В эту ночь мы проявляли крайнюю осторожность. Я лег между юным Хасаном и Амарой, Решик лег подле Амары. Рядом со мной и Амарой лежали заряженные винтовки. Старик отец сел на пороге, держа на коленях винтовку Решика. В дальнем конце дома занятая уборкой Матара мирно напевала что-то себе под нос. Самый маленький капризничал, и Нага, его мать, взяла его на руки и баюкала у огня. С того места, где я лежал, были видны привязанные буйволы, довольно большое стадо, пережевывающее при свете луны молодые побеги, которые собрал для них Чилайб. Хасан сжал мне руку, давая понять, что рад моему возвращению. Он принес ранец, который я подарил ему, и показал мне свои книги. До сих пор в семье Амары все шло хорошо.
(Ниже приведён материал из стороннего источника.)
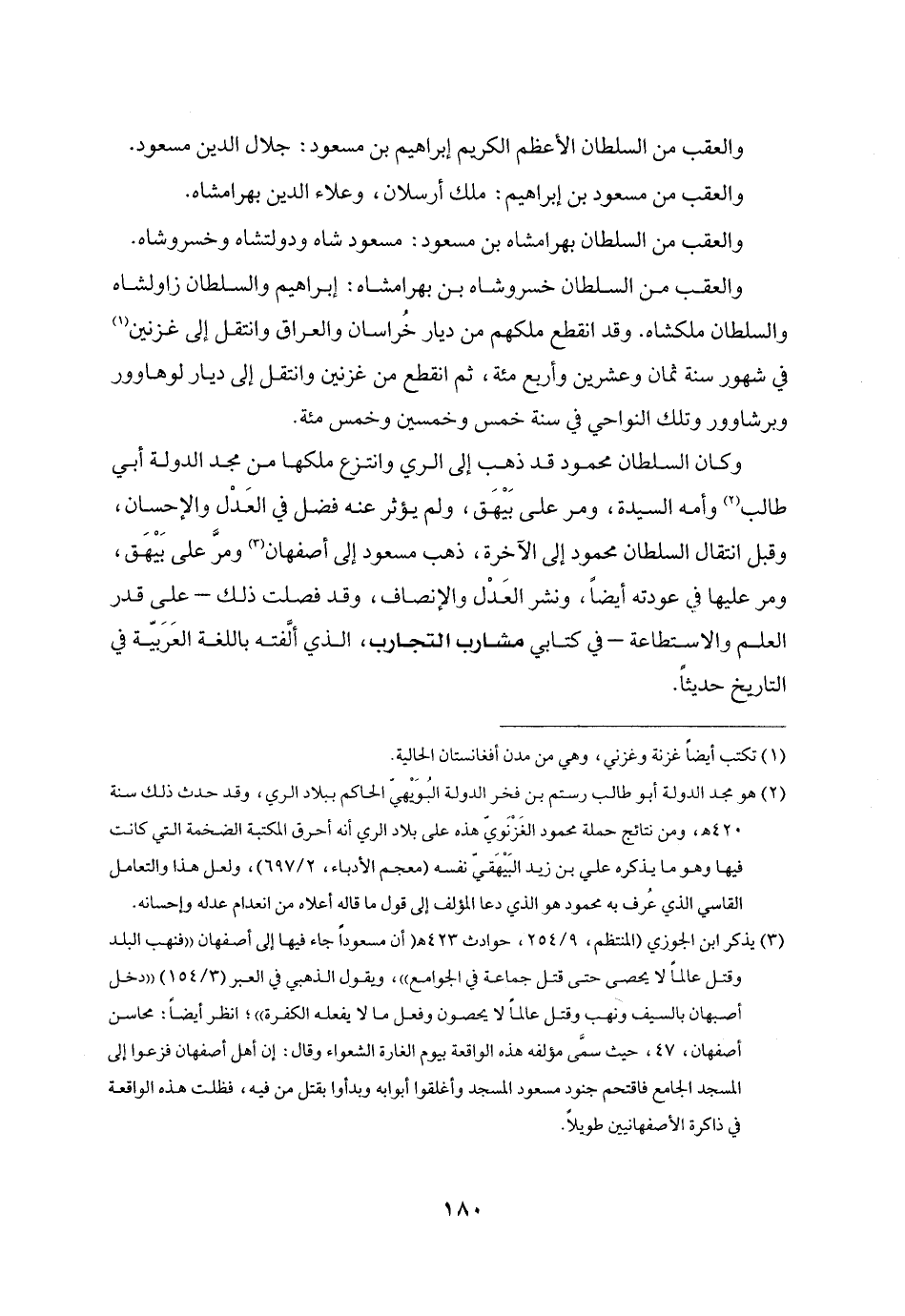 وكان السلطان محمود قد ذهب إلى الري وانتزع ملكها من مجد الدولة أبي طالب «2» وأمه السيدة، ومر على بيهق، ولم يؤثر عنه فضل في العدل والإحسان، وقبل انتقال السلطان محمود إلى الآخرة، ذهب مسعود إلى أصفهان «3» ومرّ على بيهق، ومر عليها في عودته أيضا، ونشر العدل والإنصاف، وقد فصلت ذلك- على قدر العلم والاستطاعة- في كتابي مشارب التجارب، الذي ألّفته باللغة العربيّة في التاريخ حديثا.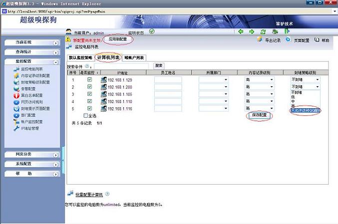 3.在“監控配置-- >監控電腦列表”中應用封堵策略,如下圖所示: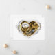 Mechanical, volumetric, steampunk heart with pressure gauge, steel and gold gears on white background. Steampunk style.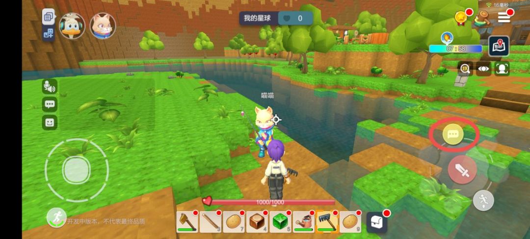 对准种植的土豆浇完水,成熟是需要时间的,别在这眼巴巴看着它成熟,虽然我也好奇哈哈哈,利用这个时间去河对面!!农田的河对岸站了一个“人”,这就是关键NPC,也可以说是大家的钓鱼启蒙导师!与她对话会解锁鱼竿,那“作为回报”我们就勉强掉两条鲫鱼送给她好了?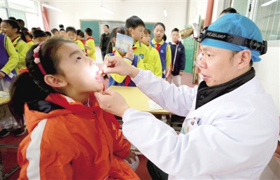 为了引起青少年对口腔健康的重视,江西省赣州市教育局和赣南医学院第一附属医院联合举办的关爱青少年口腔健康大型公益活动在西津路小学启动。据悉,该活动将走进该市中心城区各中小学,进行口腔健康宣教和免费口腔健康检查,并为学生们建立中小学生口腔健康档案。图为11月25日,医务人员在给西津路小学的学生检查口腔。刘青摄/光明图片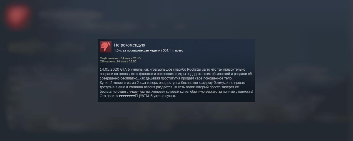 Недавно в Epic Games Store стартовала бесплатная раздача GTA 5, которая обрушила сначала сервера Epic, а затем и сервера Rockstar Games. Через некоторое время игру все же можно было добавить себе в библиотеку. Теперь же недовольные покупатели игры в Steam стали занижать GTA 5 рейтинг, жалуясь на то, что они потратили на нее деньги. В порыве гнева игроки не сдерживались в выражениях. И если недовольство игроков, купивших игру, а потом еще получивших ее бесплатно в другом магазине, понять сложно, то пользователям, которые жалуются на наплыв читеров, остается только посочувствовать. В GTA 5 с момента выхода онлайнового режима, как и во многих сетевых играх, есть определенные проблемы с нечестными игроками. Несмотря на эти негативные отзывы, положительных откликов все равно было оставлено гораздо больше. 15 мая появилось 459 отрицательных против 3088 положительных отзывов. Многие игроки все равно хвалят разработчиков и площадки за раздачу. Раздача GTA 5 в Epic Games Store продлится до 21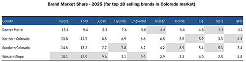 County Markets: Toyota market share exceeded 18% in Western Slope region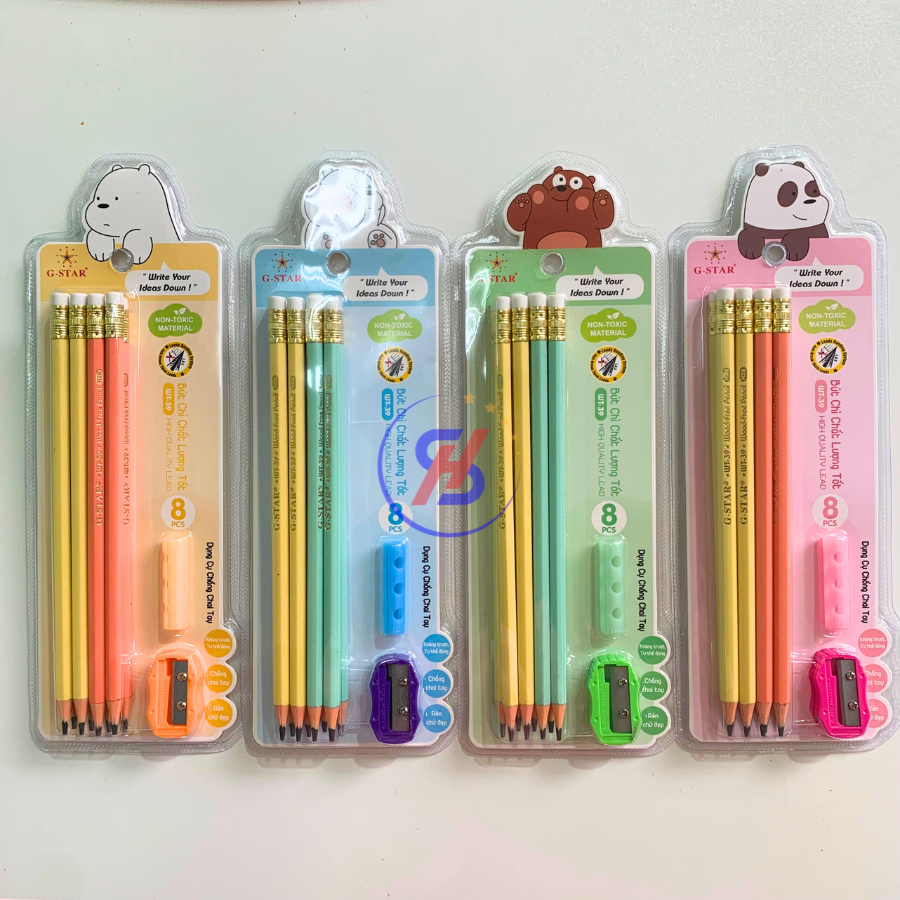 - Vỉ bút chì WT-39 gồm 8 bút chì,1 đồ chuốt,gọt bút chì, 1 dụng cụ định vị tư thế viết cho bé, chống chai tay giúp viết không trượt rất thích hợp để bé rèn chữ đẹp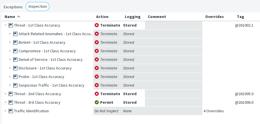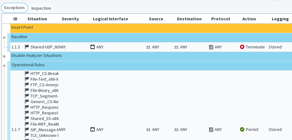 - The Inspection tab contains the main rules for finding traffic patterns. The Rules tree is applied to all traffic that is not handled as Exceptions.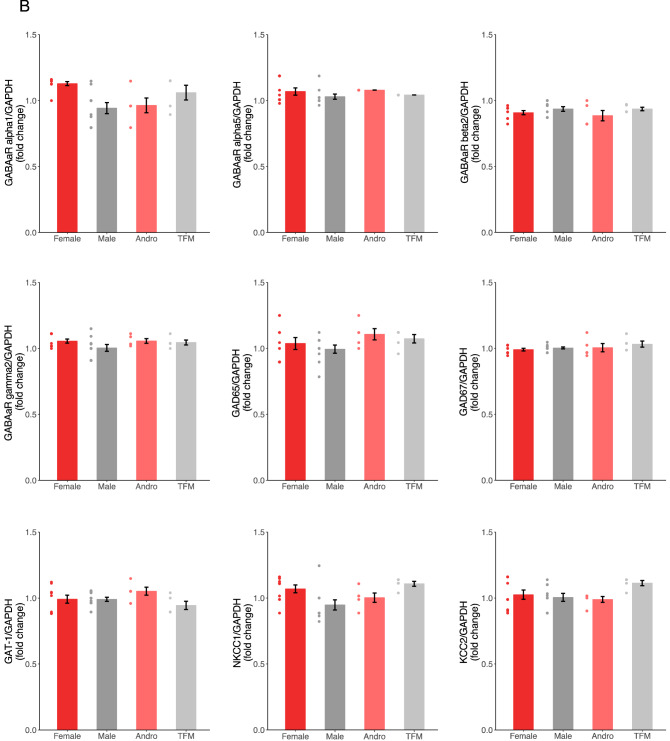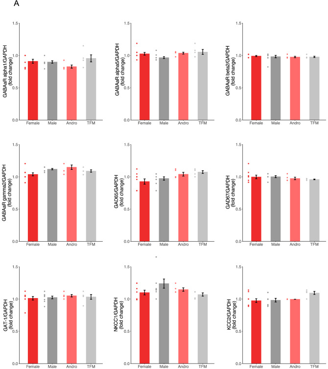 Sexual differentiation of the brain is influenced by testosterone and its metabolites during the perinatal period, when many aspects of brain development, including the maturation of GABAergic transmission, occur. Whether and how testosterone signaling during the perinatal period affects GABAergic transmission is unclear. Here, we analyzed GABAergic circuit functional markers in male, female, testosterone-treated female, and testosterone-insensitive male rats after the first postnatal week and in young adults. In the hippocampus, mRNA levels of proteins associated with GABA signaling were not significantly affected at postnatal day (P) 7 or P40. Conversely, membrane protein levels of KCC2, which are critical for determining inhibition strength, were significantly higher in females compared to males and testosterone-treated females at P7. Further, female and testosterone-insensitive male rats at P7 showed higher levels of the neurotrophin BDNF, which is a powerful regulator of neuronal function, including GABAergic transmission. Finally, spontaneous GABAergic currents in hippocampal CA1 pyramidal cells were more frequent in females and testosterone-insensitive males at P40. Overall, these results show that perinatal testosterone levels modulate GABAergic circuit function, suggesting a critical role of perinatal sex hormones in regulating network excitability in the adult hippocampus.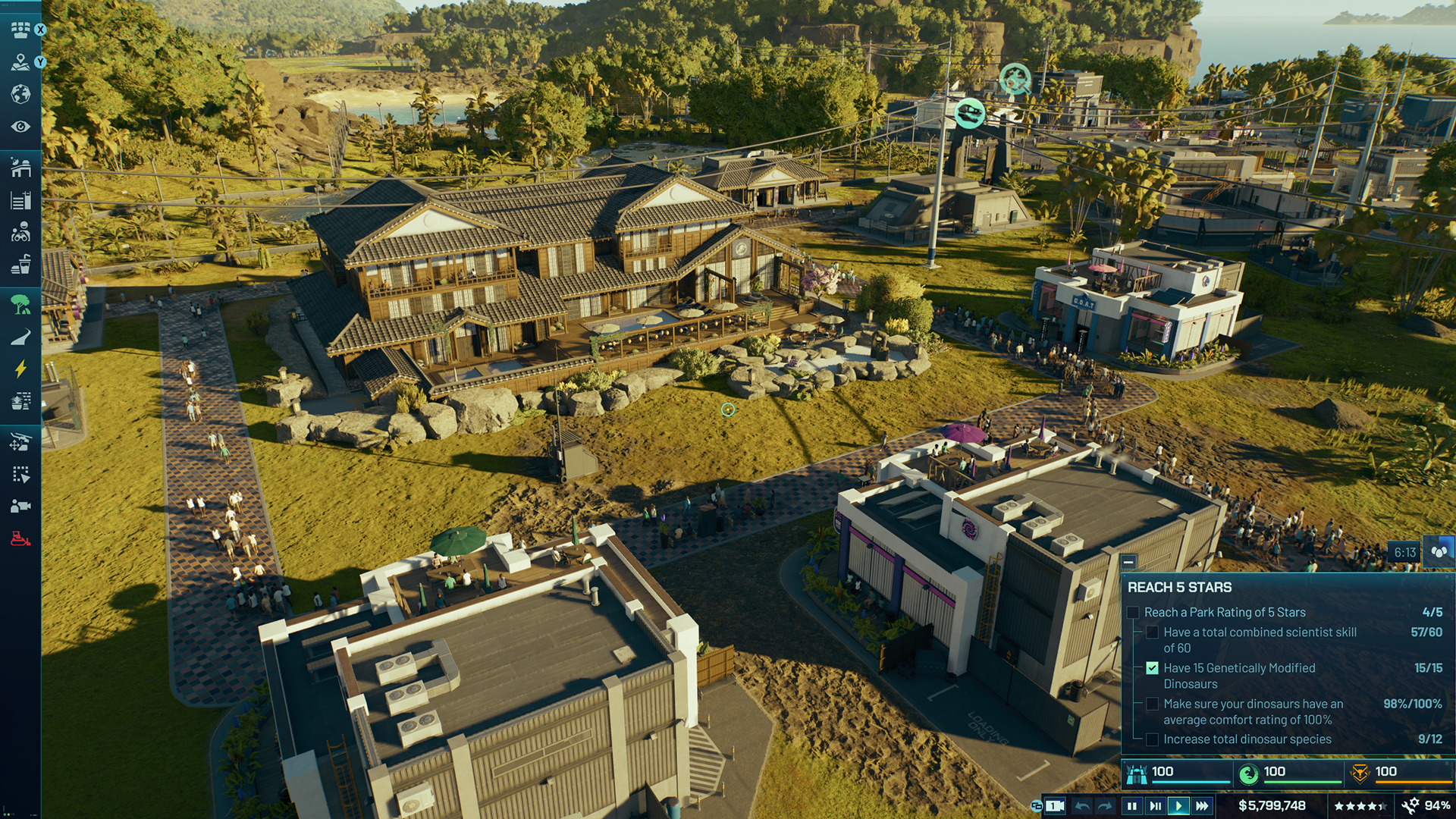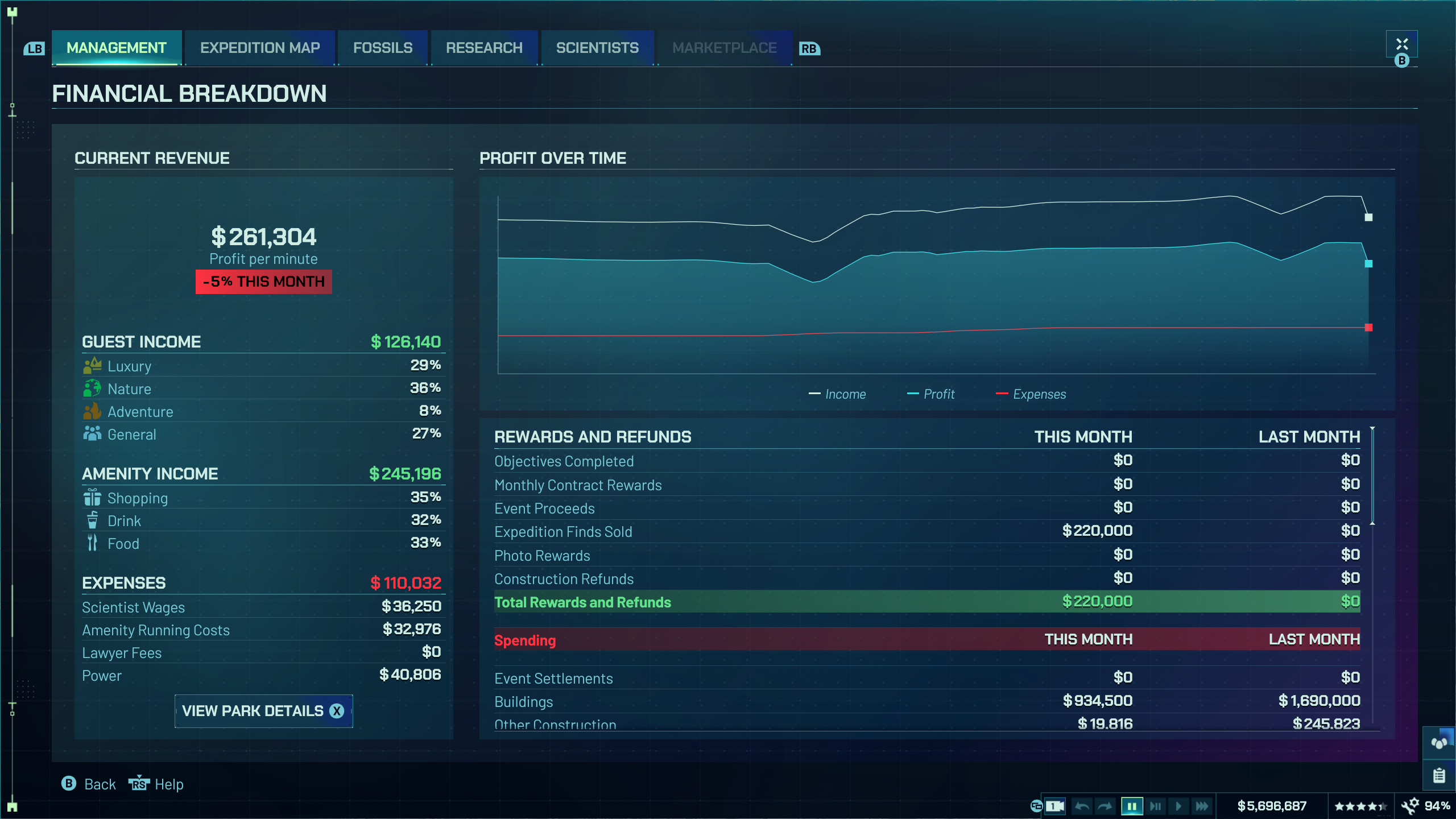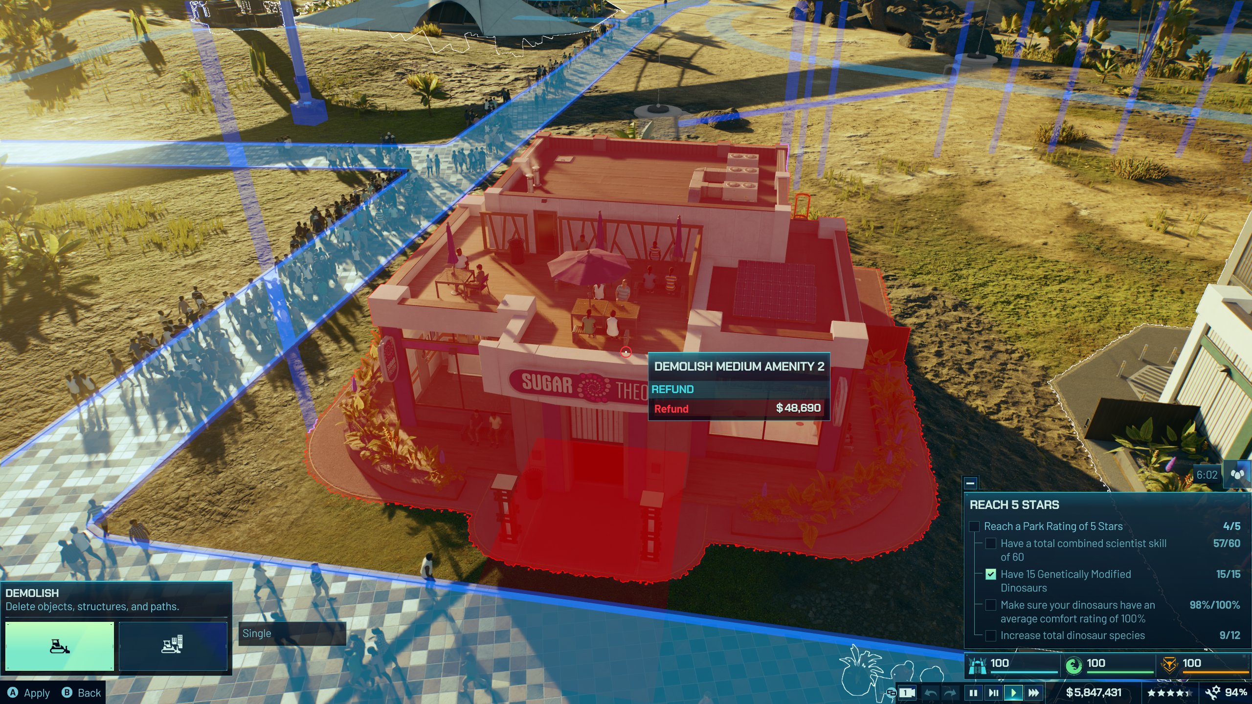 If you spend too long in the red, you’ll be kicked out of the manager role, essentially making it a ‘game over’ situation and forcing you to reload a previous save. To avoid this, you can sell off buildings you don’t need to gain some liquidity, but that also puts you in a difficult spot when it comes to keeping the parks running smoothly and won’t fix your income/expenses balance. Only sell buildings in Jurassic World Evolution 3 if you have a plan to make a profit right after (you can just pause the game at any time to evaluate the entire operation and check what’s bleeding cash). You can do so with the demolishing action.

Решик засеял больше земли, чем когда-либо раньше, и в прошлом году, несмотря на засуху, собрал хороший урожай. Теперь же, без всякой их вины, возле их дома, быть может, прятался человек с заряженной винтовкой, ожидая своего часа. Если мне не удастся добиться афвы, они вряд ли осмелятся спать по ночам. Даже в ту ночь Амара поднимал голову каждый раз, когда в деревне лаяла собака.